Previous studies have been reported that SSP extracted from marine algae shows potential anti-viral activity against human immunodeficiency virus (HIV), herpes simplex virus (HSV) and cytomegalovirus (CMV) [25]. Similarly, SSP extracted from Nothogeniu fastigiata also showed potent anti-viral activity against HIV, HCMV, HSV, and influenza virus [9]. The reports on marine-sulfated polysaccharide (MSP) extracted from the green macroalga Ulva armoricana have anti-bacterial activity against 42 bacterial strains including both gram-positive and gram-negative bacteria [3]. Further, anti-bacterial efficacy of fucoidan isolated from Sargassum wightii against the shrimp pathogen Vibrio parahaemolyticus and seven selected human bacterial pathogens were also reported [15], thus implying the capabilities of marine sulfated polysaccharides as a potential anti-microbial agent, particularly seaweed sulfated polysaccharides like carrageenans against Salmonella typhi infections. Thus, further in vitro and in vivo studies can be looked upon to take these bioactive SSPs to the next level of application in the crisis of XDR microbial diseases.

5 Conclusions

The frequent usage of classical antimicrobials has begun the increasing emergence of various drug-resistant pathogenic bacterial strains like MDR Salmonella typhi. In this context, the computational approaches for virtual screening of the natural sulfated polysaccharides of marine algae retrieved from the PubChem database were docked with the outer membrane protein F of Salmonella typhi to investigate the ability of the compounds to block the entry of the bacteria by preventing the attachment into the host.

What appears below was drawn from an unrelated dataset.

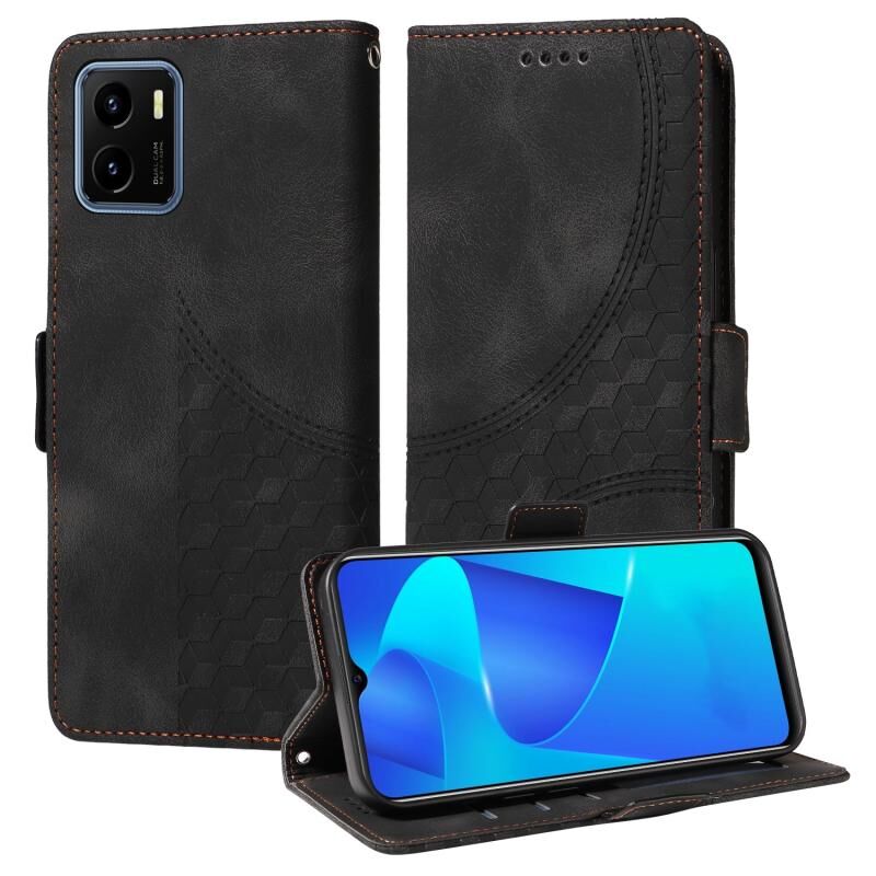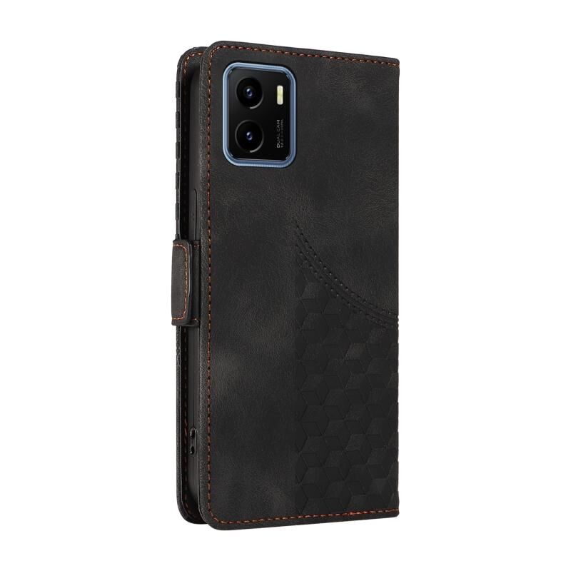 Θήκη τηλεφώνου για vivo Y15A 4G Global / Y01 με ανάγλυφο σχέδιο ρόμβου και δέρμα με αστερόσκονη (Μαύρο)
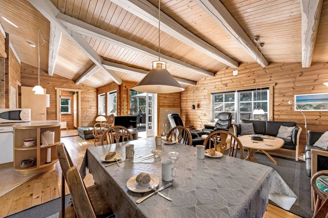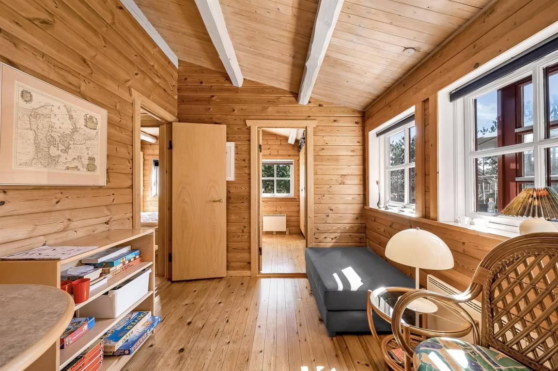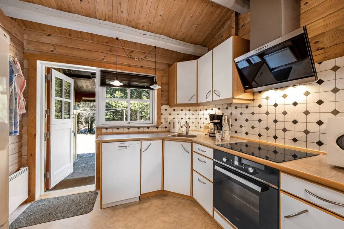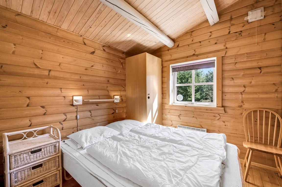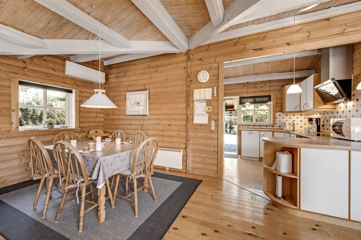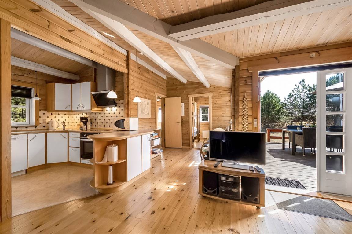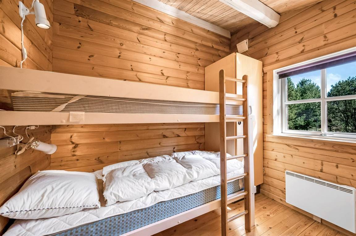 Dieses nette und gemütlich eingerichtete Ferienhaus liegt auf einem großen, von Büschen und Bäumen umgebenen und mit Heidekraut bewachsenen Naturgrundstück mit gutem Windschutz - nur wenige Minuten Gang vom kilometerlangen Sandstrand mit dem feinsten weißen Sand entfernt. Zum Haus gehören sowohl eine offene als auch eine überdachte Terrasse mit Gartenmöbeln. Auf dem Grundstück gibt es auch Sandkasten und Schaukel für die kleinen Feriengäste. Die geräumige Küche ist mit dem Ess-/Wohnzimmer kombiniert und u. a. mit Geschirrspüler, Mikrowelle, kleinem Tiefkühlgerät, Umluftofen und Herd mit Ceran-Feld ausgestattet. Das Ess-/Wohnzimmer, mit direktem Zutritt zu der offenen Terrasse, ist mit Kaminofen, TV mit digitalem Satellitenanschluss und Stereoanlage eingerichtet. Im Haus gibt es 3 Schlafzimmer; 2 mit Doppelbett und 1 mit Etagenbett. Badezimmer mit Fußbodenheizung und Duschnische. Ferner stehen kostenlose, kabellose Internetverbindung (eigener Computer muss mitgebracht werden), Waschmaschine, Wäschetrockner, Kinderbett sowie Kinderhochstuhl zur Verfügung. Es ist eine energiegerechte Wärmepumpe installiert. Ein schönes Ferienhaus an der Nordküste - die mit ihren Stränden, Dünen und der hübschen jütländischen Natur ein idealer Ausgangspunkt für gute Urlaubserlebnisse ist. Besuchen Sie Hvide Sande und sehen Sie die Schleuse, "Fiskeriets Hus" (das Haus der Fischerei) und den tätigen Fischereihafen. Nur eine Stunde Fahrt vom Haus entfernt finden Sie Legoland und Givskud Zoo.

The docking results attained strongly suggest that the SSP had shown a better interaction with S. typhi OmpF equivalent to commercial leading drugs used for typhoid. Furthermore, among the SSP compounds, Carrageenan/MIV-150 showed the best binding affinity with H-bond interactions with drug-likeness properties. In addition, Carrageenan/MIV-150, β-carrageenan, and fucoidan compounds passed the ADMET criteria and highly progressed in all parameters. Hence, indicating the potentials of marine sulfated polysaccharides as a possible anti-microbial agent, particularly SSP-like carrageenans against Salmonella typhi infections. Therefore, based on the mechanism of interaction of these ligands with the OmpF target, it needs to be further evaluated by conducting in vitro studies to confirm their anti-microbial activity against the bacteria. These compounds would be the suitable drug candidates for the treatment of MDR S. typhi. Hence, these natural SSPs can be looked upon to the next level of application in the crisis of XDR microbial diseases.